The effects of tumor-derived factors in inducing phenotypic and functional alternations on healthy human monocytes or CD34+ hematopoietic stem cells (HSCs) were analyzed in vitro, by co-culturing monocytes with early-passage tumor cells or addition of tumor-conditioned medium, respectively. Suppression of T or NK cell activity by MDSC-like cells was compared with that of freshly isolated CD14+HLA-DRlow/- monocytic MDSCs (moMDSCs) from patients with melanoma. In addition, to explore the in vivo relevance of targeting PGE2 to reduce MDSC expansion, we established a murine model, where tumor cells were disabled from cyclooxygenase-2 (COX-2) production and in vivo NK cytotoxicity was evaluated by live imaging.
We recently demonstrated that tumor-derived factors promoted monocytes to acquire an MDSC-like phenotype and suppressive functions of T cells via COX-2/PGE2 pathway (Mao et al. Cancer Res., 2013). Moreover, tumor-derived factors resulted in a retention of c-kit+ cells (p < 0.05) and hampered differentiation of CD34+ HSCs to functional myeloid cells. As a result, these cells showed decreased ability to stimulate T cells to proliferate and produce IFNγ (p < 0.05). In patients with melanoma, freshly isolated CD14+HLA-DRlow/- moMDSCs strongly suppressed cytotoxicity (p < 0.05) and production of IFNg (p < 0.01) by NK cells, through production of TGFβ (p < 0.05). In vitro, binding of PGE2 to EP2 or EP4 receptors on monocytes activated the p38MAPK/ERK pathway and resulting in elevated secretion of TGFβ (p < 0.05) and reduced NK cell cytotoxicity (p < 0.01).

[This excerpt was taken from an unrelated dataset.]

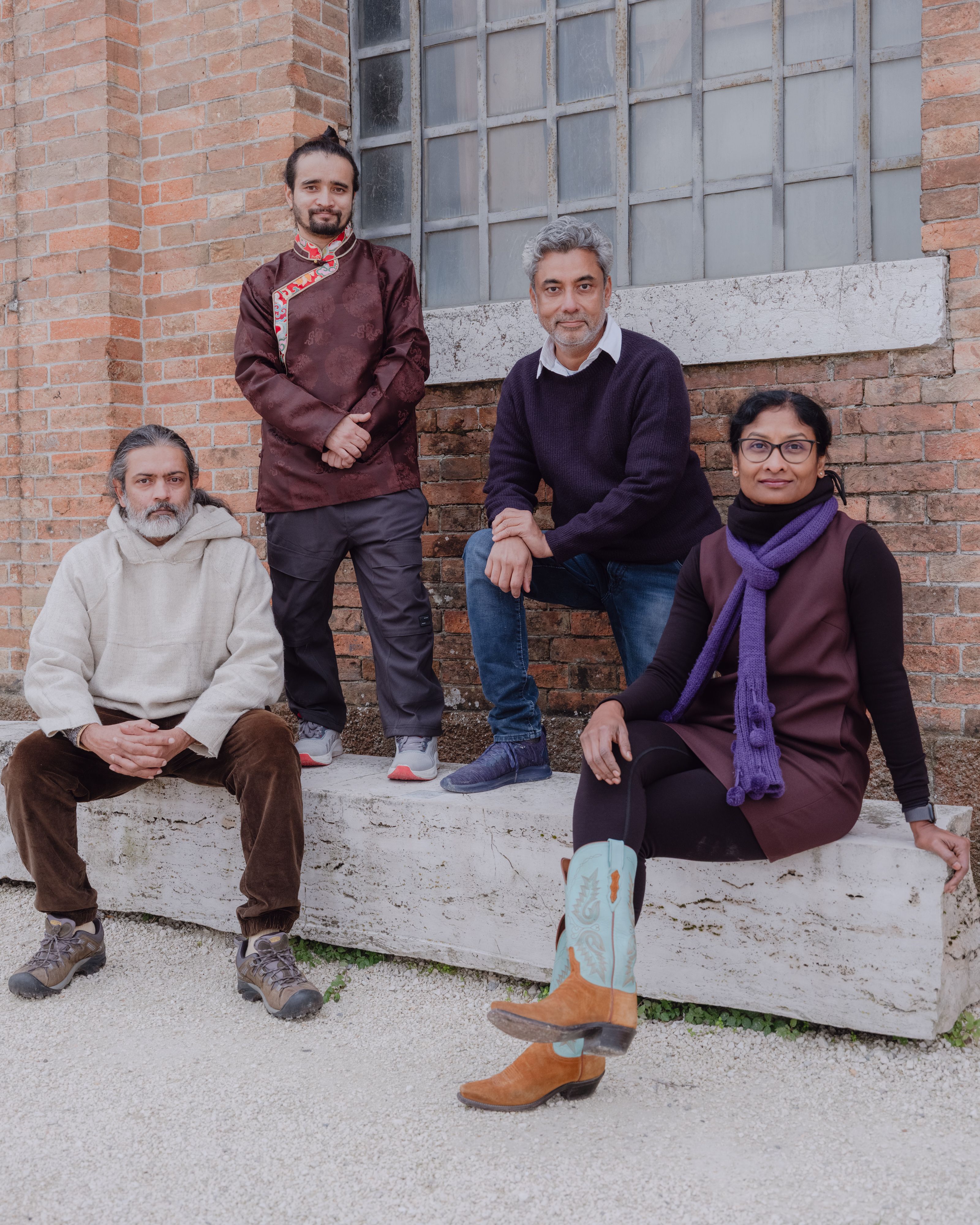 Four of the five artists representing India, from left to right: Asim Waqif, Skarma Sonam Tashi, Alwar Balasubramaniam (Bala) and Ranjani Shettar (participating artist not pictured: Sumakshi Singh) © Joe Habben

Importantly, silencing COX-2 in 4T1 tumor cells reduced the frequency of splenic CD11b+Gr1+ MDSCs (p < 0.01), resulting in concomitant improved in vivo clearance of NK-sensitive YAC-1 target cells (p < 0.05).
Collectively, our results reveal a direct involvement and molecular machinery of tumor-derived factors, in particular PGE2, in inducing immature phenotype and stimulating suppressive functions from MDSCs. Therefore, combining COX-2 inhibitors with immunotherapy may result to a favorable clinical outcome in patients with cancer.